**Provided information**
■ ■ ■ ■ ■

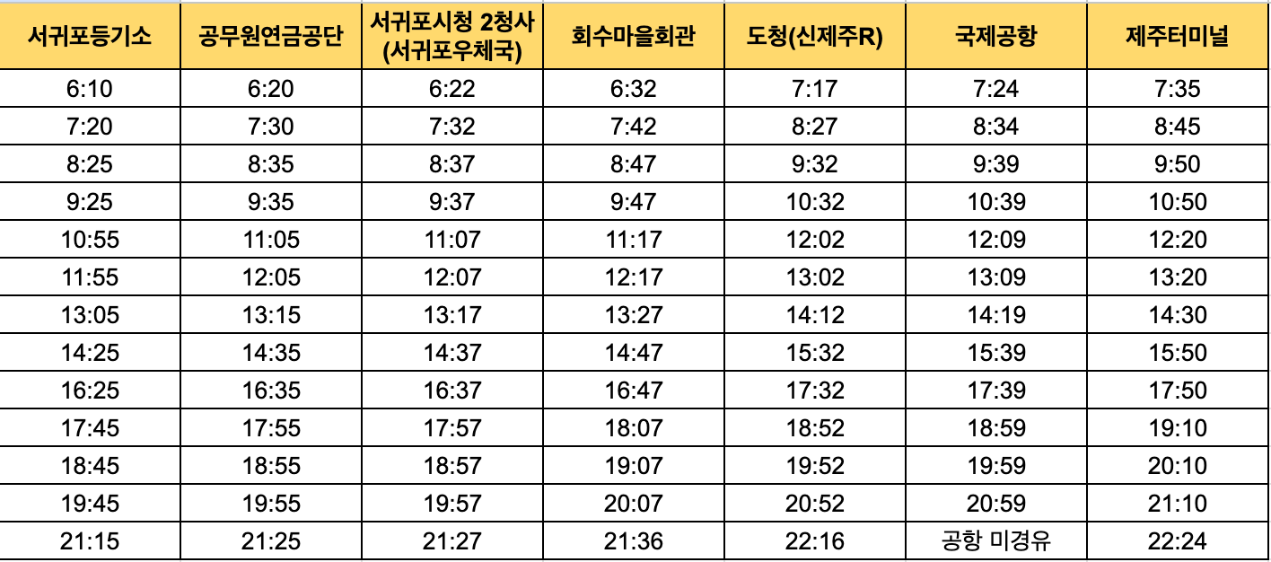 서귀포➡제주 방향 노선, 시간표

■ ■ ■ ■ ■

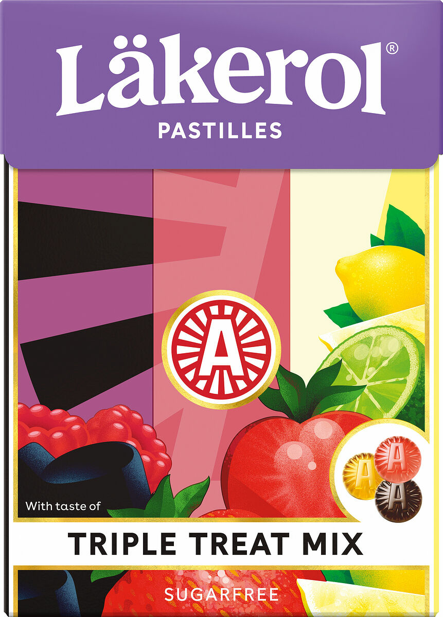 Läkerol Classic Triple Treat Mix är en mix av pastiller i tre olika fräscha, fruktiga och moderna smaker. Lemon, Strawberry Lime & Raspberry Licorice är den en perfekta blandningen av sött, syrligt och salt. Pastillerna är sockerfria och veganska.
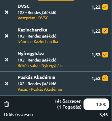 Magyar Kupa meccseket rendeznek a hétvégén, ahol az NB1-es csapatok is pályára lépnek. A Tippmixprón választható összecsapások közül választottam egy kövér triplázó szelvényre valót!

■ ■ ■ ■ ■

**Problem statement**
Here the job is to copy the listing above word for word, starting at the line with "Läkerol Classic Triple" and ending at the line with "Magyar Kupa meccseket", and to leave out the pictures.

**The completed task**
 Läkerol Classic Triple Treat Mix är en mix av pastiller i tre olika fräscha, fruktiga och moderna smaker. Lemon, Strawberry Lime & Raspberry Licorice är den en perfekta blandningen av sött, syrligt och salt. Pastillerna är sockerfria och veganska.
 Magyar Kupa meccseket rendeznek a hétvégén, ahol az NB1-es csapatok is pályára lépnek. A Tippmixprón választható összecsapások közül választottam egy kövér triplázó szelvényre valót!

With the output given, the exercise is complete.